50:22Is such a scenario where I think CRDTs
are just like a very, very good, approach.
50:28There's also like, you can also use
ot, like operational transform, which
50:32is, somewhat related under the covers,
works a bit differently, but the way how
50:37you would use it is pretty similarly.
50:40And, related to rich text editing
is also when you have like complex
50:45list structures where you wanna
move things within the list.
50:49So if you want to go for the, Figma
scenario, let's say you change the
50:55order of like multiple rectangles, like
where do they sit in that layer order?
51:01how do you convey how
you wanna change that?
51:04You could always, have like maybe
an array of all the IDs that give
51:08you this perfect order, but if
this kind of happens concurrently,
51:13then you need to reconcile that.
51:14So that's not great.
51:16And this is where CRDTs are also
like a very, special purpose
51:20tool, which works super well.
51:23And so what I've landed on is use
event sourcing for everything except
51:28where I need those special purpose
tools, and this is where them reach
51:33for CRDTs or for something else.
51:35That's kind of the conclusion I, took away
if you like the event sourcing approach.
51:41But, I think ultimately it really
comes down to what is the application
51:46that you're building and what are,
like, what is the domain of what
51:51you're building and which sort
of trade-offs does this require?
51:54So I think in Figma.
51:56The real timeness is really important
and it is recognized that those different
52:02pieces that are floating around, they're
like pretty, independent from each other.
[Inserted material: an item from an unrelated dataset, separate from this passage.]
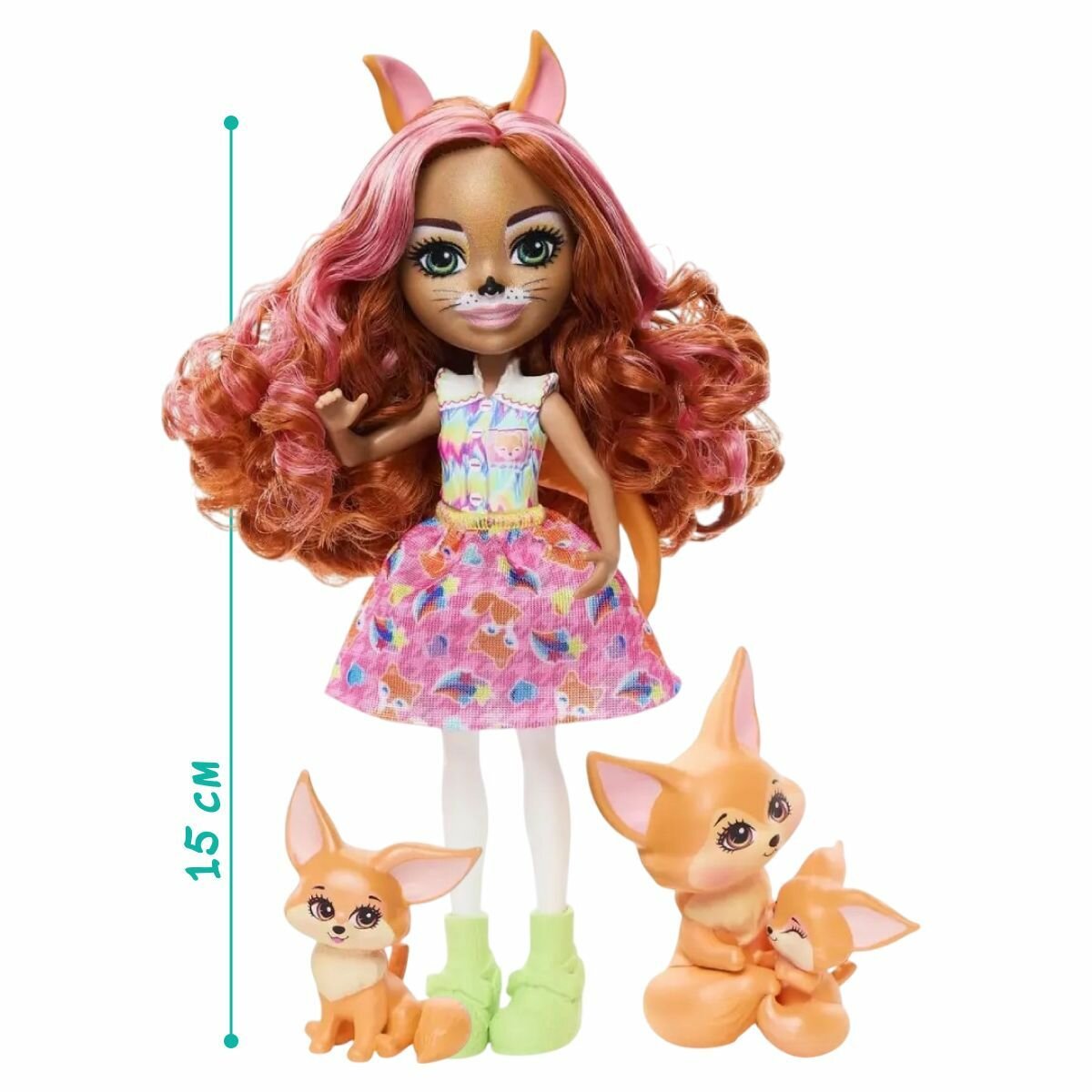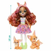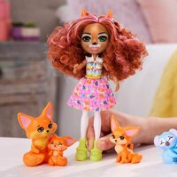 - Коллекция кукол Enchantimals, Семейка лисиц Glam Party включает в себя 1 куклу (15 см) с съёмной одеждой и аксессуарами, а также 3 фигурки животных.

52:07So, and if they're independent,
then you don't need that total order
52:10between that, which makes everything
a lot easier in terms of scalability,
52:14in terms of correctness, and then
you don't need to rebase as much.
52:18distributed systems is the
ultimate case of it depends.
52:22and I think trying to build one like
you did, I think is a very good way
52:28to like build a better understanding.
52:30And also I think that opens your eyes
of like, ah, now I understand why Figma
52:35has this shortcoming or Notion if we are
trying to change the same line, change the
52:40same block as where last writers, applies.
52:43Whereas in Google Docs, for example, we
could easily change the, same word even.
52:49And it would reconcile
that in a, in a better way.
52:52But, maybe you have some advice for
people like yourself when you're
52:57just getting started on that journey.
53:00What would you tell people what they
should do maybe shouldn't yet do?
53:05today 2025?
53:07There's more technologies out there now.